## Exercise requirements
Between the line containing "在瀏覽器UA標(biāo)識" and the line containing "Handwoven Pure Tussar" lies a run of lines; give that run again exactly, with both of those lines, and nothing else from the entries below.

## Given information
=== Begin Enclosure ===

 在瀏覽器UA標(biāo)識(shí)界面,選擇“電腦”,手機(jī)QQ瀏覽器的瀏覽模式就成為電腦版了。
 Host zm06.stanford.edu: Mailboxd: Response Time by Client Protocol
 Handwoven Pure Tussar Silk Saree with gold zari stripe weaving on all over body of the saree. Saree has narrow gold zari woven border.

=== End Enclosure ===
=== Begin Enclosure ===

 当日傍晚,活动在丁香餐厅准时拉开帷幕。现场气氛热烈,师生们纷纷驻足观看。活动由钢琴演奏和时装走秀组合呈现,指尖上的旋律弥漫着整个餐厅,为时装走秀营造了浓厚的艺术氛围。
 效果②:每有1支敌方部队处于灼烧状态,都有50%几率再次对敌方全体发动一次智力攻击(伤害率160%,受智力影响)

=== End Enclosure ===

## Task result
 在瀏覽器UA標(biāo)識(shí)界面,選擇“電腦”,手機(jī)QQ瀏覽器的瀏覽模式就成為電腦版了。
 Host zm06.stanford.edu: Mailboxd: Response Time by Client Protocol
 Handwoven Pure Tussar Silk Saree with gold zari stripe weaving on all over body of the saree. Saree has narrow gold zari woven border.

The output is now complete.